No that's right. 375. But he's 6'4. Sure he's taller, but he's still chubby. I didn't mean to offend anyone with my teenager like answer. But, in a way, I guess you can say the love I have for my husband does sometimes make me gush like a teenage girl. I can't help it.
I was just trying to say that physical attraction isn't the only thing that's important. You got to have it all and when you do have it all, it's amazing.
Sorry if there was any confusion in the purpose or direction of my answer.
No, no need to apologize - we had some fun with your posting and you took it all in good stride - every now and then the board (translation: me) gets goofy.
At 6'4" he probably carries the weight well. I figured if was 5'4" there were some problems here!
Good that you found a whole package - doesn't always work out that way. And, again, thanks for taking the ribbing with good humor.
I have been getting to know him and he appears to be everything I could possibly want, a gentlemen, polite, intelligent, kind, calm, caring, generous, a family wanting man and provider etc. a man with a vision, purpose and goal. BUT I still don't really find him (physically) that attractive. I would say he is cute and has a nice smile. Other girls like him (especially because of his personality, it shines through) but he is really in love with me and wants me to be his wife.
Its just that I am thinking, what if we get married and hit turbulence? Won't I reflect back and think (ugh, I wasn't and am not even physically attracted to this guy! '
Now I am not shallow. I really like him and I am seeing how it goes as we have to get to know each other anyway. Even though I am liking him the physical attraction just peers through and is making me very careful.
I'm just saying he is not what I would normally go for that's the strange thing and the missing element making me indecisive.

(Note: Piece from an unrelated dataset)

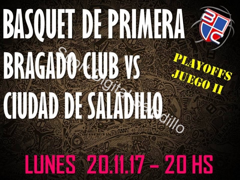 El plantel superior del club Ciudad de Saladillo jugará este lunes ante Bragado club en condición de visitante por el segundo juega de la semifinal del torneo de primera división que organiza la ABCh. El partido será desde las 20, recordando que Ciudad ganó el primer juego por 85-79, luego de dos suplementarios.
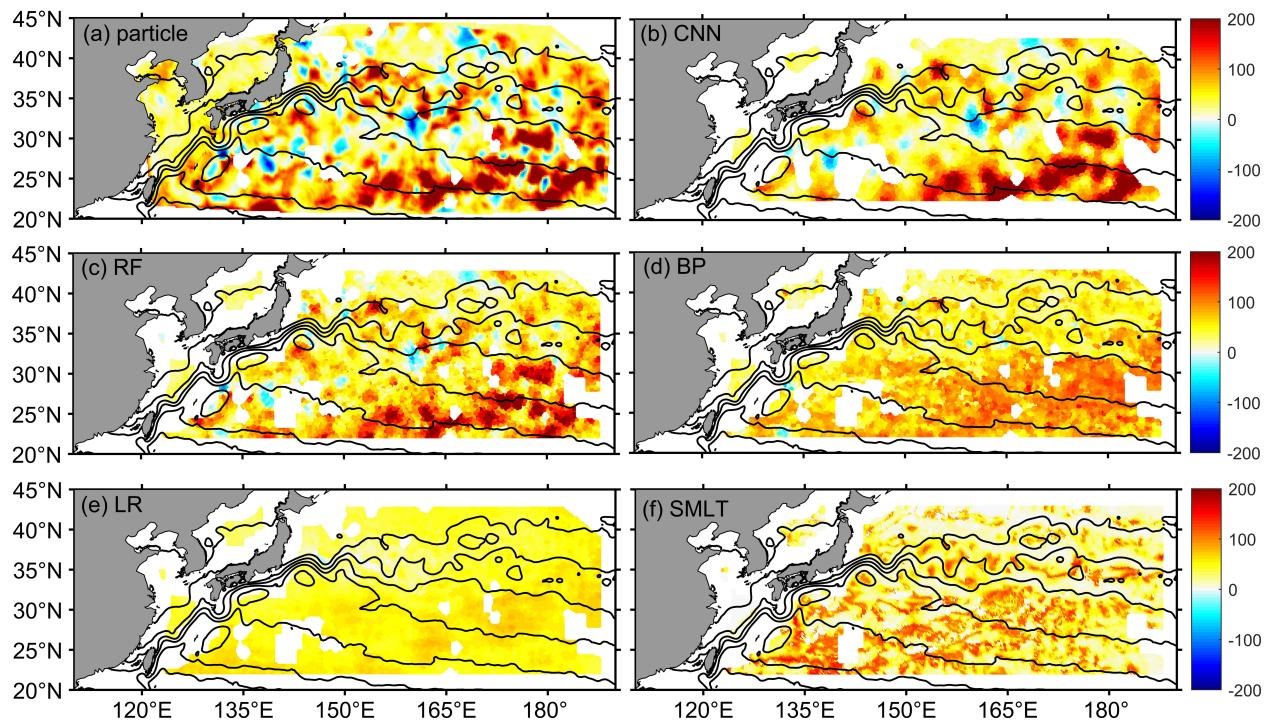 海洋涡旋通过搅拌和混合关键示踪剂(如热、盐等)影响水团性质和区域性气候变化。现有粗分辨率气候模式中常以涡旋扩散系数表征涡旋混合速率,研究涡旋混合时空变化有助于提高涡旋参数化方案和气候模拟预测的准确性。传统动力学的抑制混合理论长度理论(SMLT)为机器学习预测模型提供了有效的四个预测因子:涡旋尺寸、涡旋速度大小、涡旋时间去相关尺度和涡旋相对于平均流的传播速度大小。利用随机森林、卷积神经网络等机器学习方法的强非线性拟合能力,构建预测因子与混合长度之间的非线性关系,从而精确预测季节性混合长度变化。

You are wise to think twice about this issue, as lifetime is a very long time to deal with a missing ingredient, when you could have made the choice to be honest with yourself and him, and just be friends, and not just settle for his other qualities, good though they be.Quote:
I'm just saying he is not what I would normally go for that's the strange thing and the missing element making me indecisive.
If your having these thoughts now, think of years down the road, when there are kids, and a mortgage involved. Will you still be happy with no attraction to your partner??
Not to be personal, but do you have intimacy now?? (SEX? )
We do not have intimacy at all I do not believe in that before marriage and it's a good thing.
Sometimes I really miss him and try to imagine if sexually we could be compatible in marriage because his physique is one of the things Im talking about.
Then when I see him it changes and I just don't know. Even when I am with him there's just this feeling that contradicts any feeling for marriage so I told him to just give me time and stop buying me stuff but he can't seem to want to stop himself.
I tried to go back for some background, but was unable to find anything helpful, so let me ask your ages, and how long have you been dating?